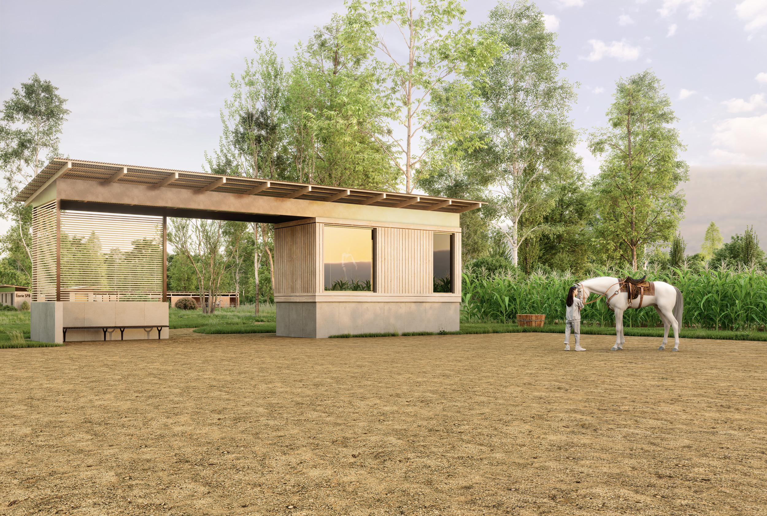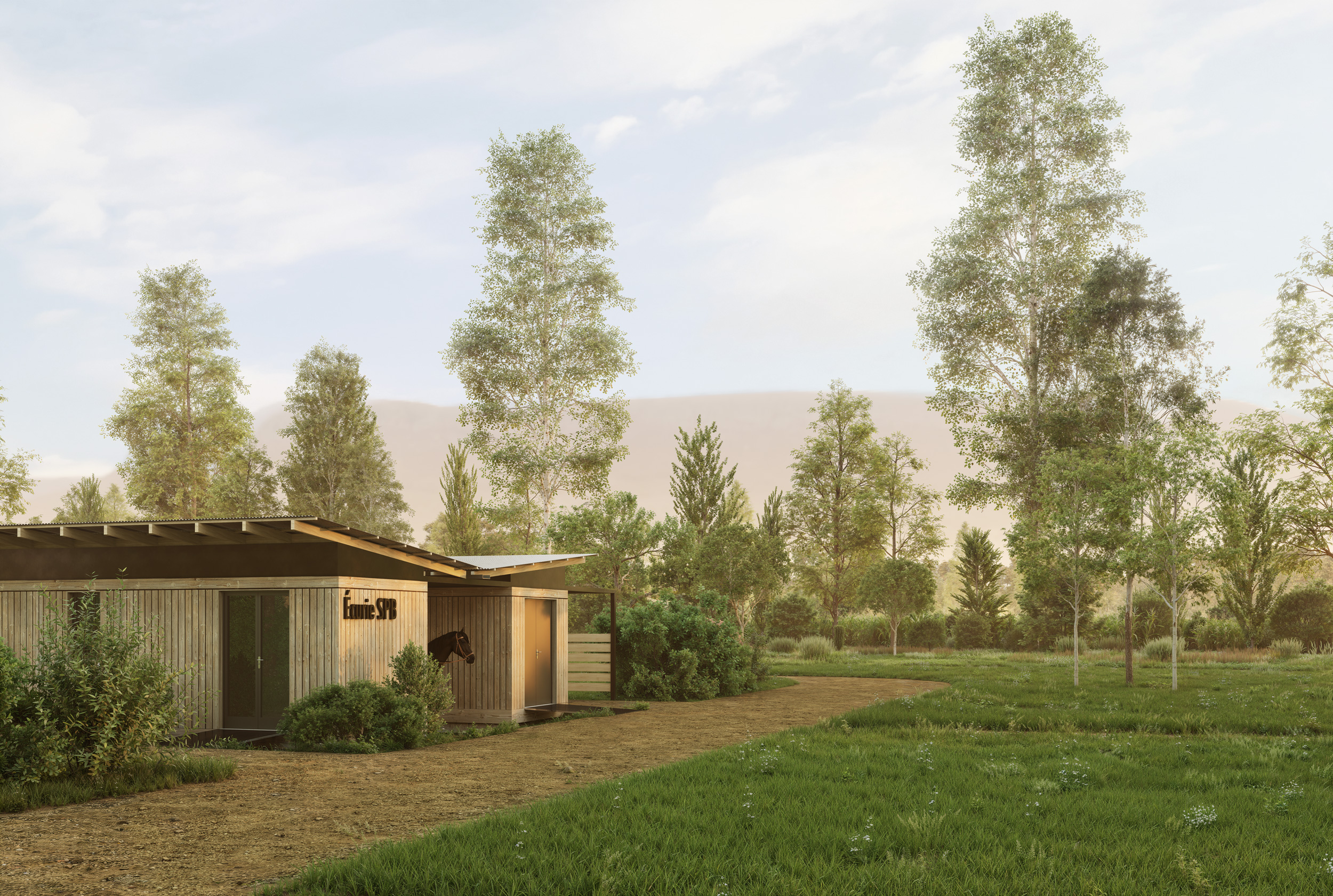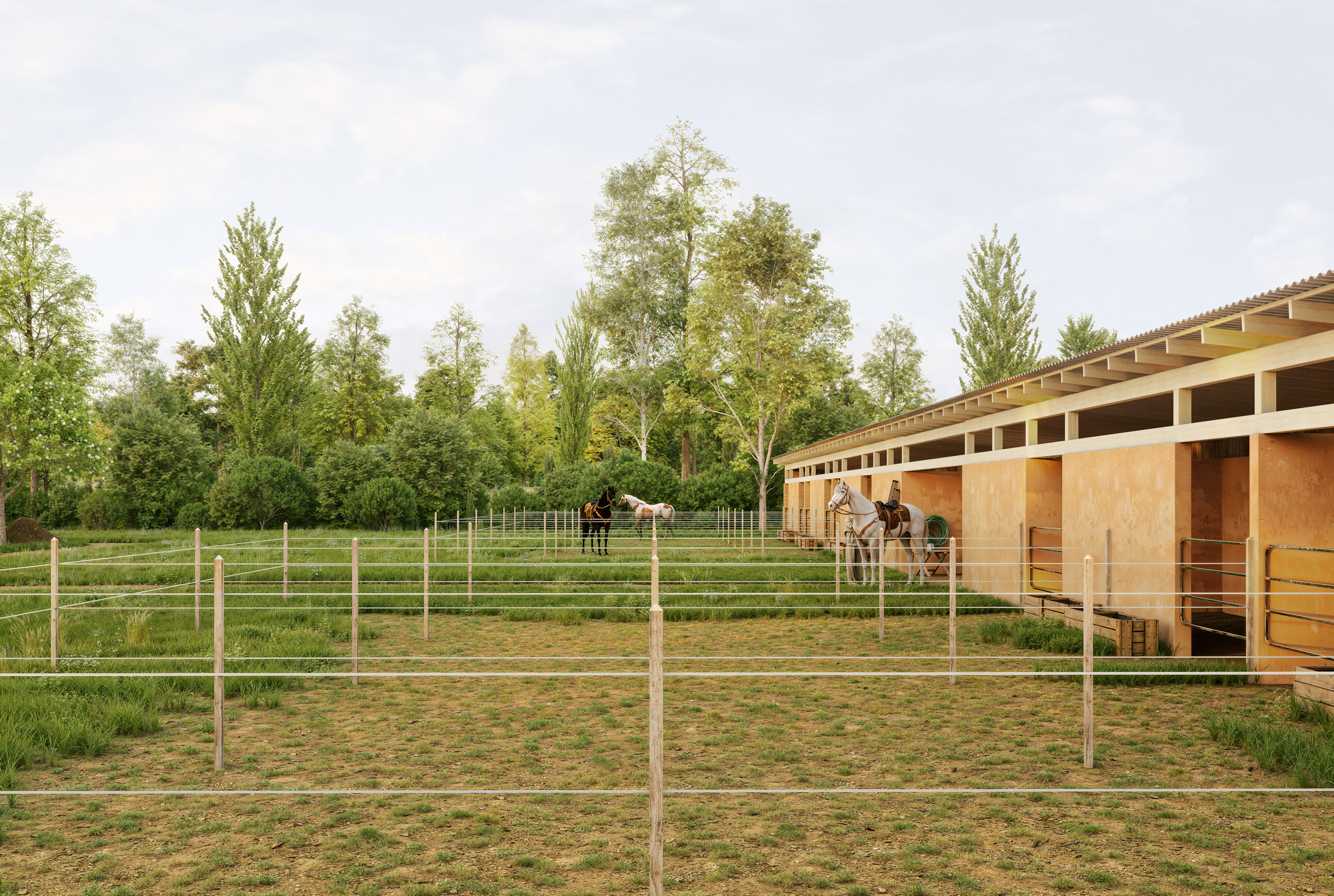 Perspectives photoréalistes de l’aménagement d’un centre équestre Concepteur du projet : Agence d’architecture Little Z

* * *

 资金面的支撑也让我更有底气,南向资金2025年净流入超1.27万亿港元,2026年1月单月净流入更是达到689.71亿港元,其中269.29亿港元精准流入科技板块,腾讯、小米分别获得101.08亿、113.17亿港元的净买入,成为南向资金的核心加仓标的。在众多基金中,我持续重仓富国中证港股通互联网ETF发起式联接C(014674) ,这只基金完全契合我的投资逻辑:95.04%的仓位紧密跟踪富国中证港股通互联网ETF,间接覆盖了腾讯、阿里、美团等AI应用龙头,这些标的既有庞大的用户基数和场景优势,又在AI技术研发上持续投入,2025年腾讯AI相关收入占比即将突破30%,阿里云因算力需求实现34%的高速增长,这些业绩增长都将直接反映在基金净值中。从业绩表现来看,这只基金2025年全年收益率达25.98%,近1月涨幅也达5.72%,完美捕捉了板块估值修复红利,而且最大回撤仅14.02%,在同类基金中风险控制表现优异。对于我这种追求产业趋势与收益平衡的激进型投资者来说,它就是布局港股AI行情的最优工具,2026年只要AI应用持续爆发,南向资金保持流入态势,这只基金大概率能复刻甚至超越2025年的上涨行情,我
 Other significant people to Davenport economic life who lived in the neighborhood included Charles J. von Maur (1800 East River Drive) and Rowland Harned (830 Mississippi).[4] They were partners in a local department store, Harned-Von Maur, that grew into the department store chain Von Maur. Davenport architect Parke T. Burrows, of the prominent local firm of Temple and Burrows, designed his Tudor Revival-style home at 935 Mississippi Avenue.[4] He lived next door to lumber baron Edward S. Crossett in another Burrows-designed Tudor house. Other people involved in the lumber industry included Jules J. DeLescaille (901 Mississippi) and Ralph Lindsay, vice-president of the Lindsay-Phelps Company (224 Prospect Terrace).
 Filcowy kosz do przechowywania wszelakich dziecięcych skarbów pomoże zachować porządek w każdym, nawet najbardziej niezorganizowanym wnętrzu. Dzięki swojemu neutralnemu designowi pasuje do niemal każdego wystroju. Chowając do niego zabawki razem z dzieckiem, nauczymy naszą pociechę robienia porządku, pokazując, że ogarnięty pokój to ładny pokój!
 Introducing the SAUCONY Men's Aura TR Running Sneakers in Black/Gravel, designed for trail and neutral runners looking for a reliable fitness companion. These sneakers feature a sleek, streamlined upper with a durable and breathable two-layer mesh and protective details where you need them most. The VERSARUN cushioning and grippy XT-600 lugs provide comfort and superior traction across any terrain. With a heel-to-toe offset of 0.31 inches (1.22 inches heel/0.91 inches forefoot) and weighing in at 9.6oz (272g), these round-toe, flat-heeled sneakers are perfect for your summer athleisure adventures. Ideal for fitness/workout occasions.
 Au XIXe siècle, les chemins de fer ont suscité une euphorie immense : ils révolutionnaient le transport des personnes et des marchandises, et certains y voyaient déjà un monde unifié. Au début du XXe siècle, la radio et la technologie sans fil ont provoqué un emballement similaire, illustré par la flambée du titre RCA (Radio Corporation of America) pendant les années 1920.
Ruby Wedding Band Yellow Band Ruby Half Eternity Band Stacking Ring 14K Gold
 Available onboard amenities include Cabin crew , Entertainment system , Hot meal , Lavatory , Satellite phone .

**ACTIVITY**
Copy the entries above exactly, but only from the line holding "Introducing the SAUCONY" through the line holding "Available onboard amenities", both included.

**ANSWER TO THIS PROBLEM**
 Introducing the SAUCONY Men's Aura TR Running Sneakers in Black/Gravel, designed for trail and neutral runners looking for a reliable fitness companion. These sneakers feature a sleek, streamlined upper with a durable and breathable two-layer mesh and protective details where you need them most. The VERSARUN cushioning and grippy XT-600 lugs provide comfort and superior traction across any terrain. With a heel-to-toe offset of 0.31 inches (1.22 inches heel/0.91 inches forefoot) and weighing in at 9.6oz (272g), these round-toe, flat-heeled sneakers are perfect for your summer athleisure adventures. Ideal for fitness/workout occasions.
 Au XIXe siècle, les chemins de fer ont suscité une euphorie immense : ils révolutionnaient le transport des personnes et des marchandises, et certains y voyaient déjà un monde unifié. Au début du XXe siècle, la radio et la technologie sans fil ont provoqué un emballement similaire, illustré par la flambée du titre RCA (Radio Corporation of America) pendant les années 1920.
Ruby Wedding Band Yellow Band Ruby Half Eternity Band Stacking Ring 14K Gold
 Available onboard amenities include Cabin crew , Entertainment system , Hot meal , Lavatory , Satellite phone .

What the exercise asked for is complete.